My home in Uganda is much more than four walls. It’s the tribe of incredible women whom I’ve met whose friendships nurture me. Among my friends in Uganda, I feel a connection that I often lack with US-based friends. It’s a hodge podge mix of ethnicities – German, American, Ugandan, Dutch, Brit – but there’s a connection and familiarity, an understanding. Whether it’s the expat who can relate to the challenges of working in a country with profound poverty, or the Ugandan businesswoman whose tenacity and will propels her forward and inspires me, or the kindred traveler who may have been born in the United States, but whose spirit lives fully only when she is immersed in the unfamiliar, stimulated by the sights, sounds and smells that differ from her usual comfort zone. It’s this motley medley of personalities who welcome me, inspire and motivate me, who encourage whole-hearted laughing and living and who help to ground me and remind me of some of my most important values – kindness, happiness and respect. It’s a kinship that restores me. After a year apart, I forgot how much so.
The Project Have Hope family and the entire Acholi Quarter restores me in a different way. Like any family, the PHH family is filled with love, but that love comes with a price, a price that at times is truly daunting. During 2020, as time and circumstance kept me away, it became much harder to consider the love, and significantly easier to be inundated and overwhelmed by the entitlements and demands - demands that could never be satiated and failed to recognize the grave economic devastation COVID wrought on the already lean, PHH bank account. Demands that made unreasonable requests based on unrealistic expectations. Demands that have beaten me down for 15 years. Demands that felt like the burden of carrying the weighted cross I’ve often photographed on Good Friday in the Quarter. Demands that have nearly broken me.
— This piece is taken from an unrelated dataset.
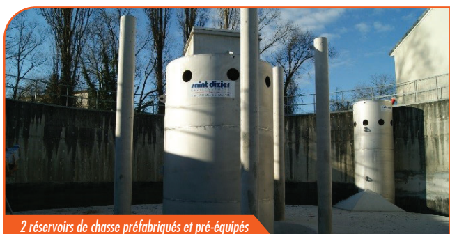
2 réservoirs de chasse préfabriqués et pré-équipés

Construit en 1992, le bassin d'orage Saint François de Marange Silvange a subi une réhabilitation récente avec la mise en place d'un système de nettoyage automatique. Ce bassin à ciel ouvert se situe par ailleurs à quelques mètres des habitations. Un appel d'offre a été lancé avec pour problématique principale : respecter la tranquillité du voisinage.
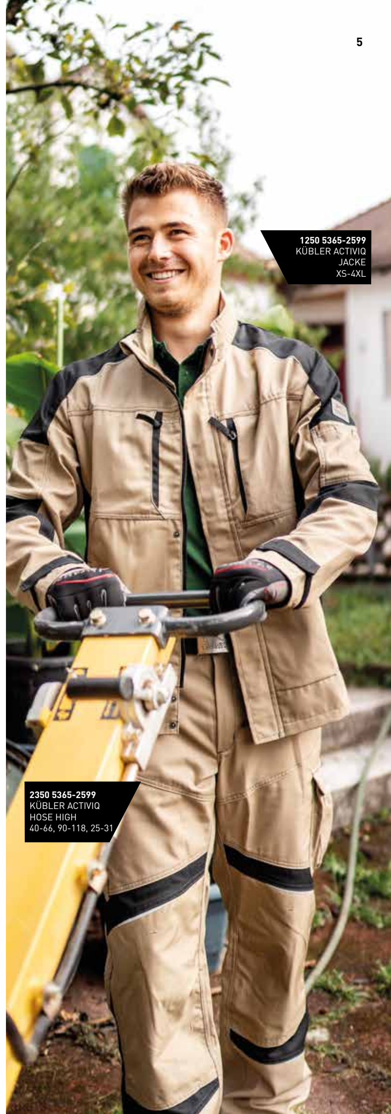
1250 5365-2599 KÜBLER ACTIVIQ JACKE XS-4XL

The demands have many faces. I’m regularly asked to mule various items from the States – dolls, smartphones, cameras, laptops, reading glasses, shoes. Everyone seems to think they’re the only one who’s asking. They’re not. When I’m in the Quarter, there’s always a line of people who come to the PHH building to make their request. “My wife/husband died and now I’m left alone to pay the school fees for my children.” “My auntie died and I need money for transport to the village.” “I used the money to buy (fill in the blank) to pay medical fees for my child, now I can’t continue my business without more capital.” “My roof has holes in it and the rainy season is coming.” “I was not serious in school and failed, but now I want to go back.” “I did well in school and want to go to university, but there is no money.”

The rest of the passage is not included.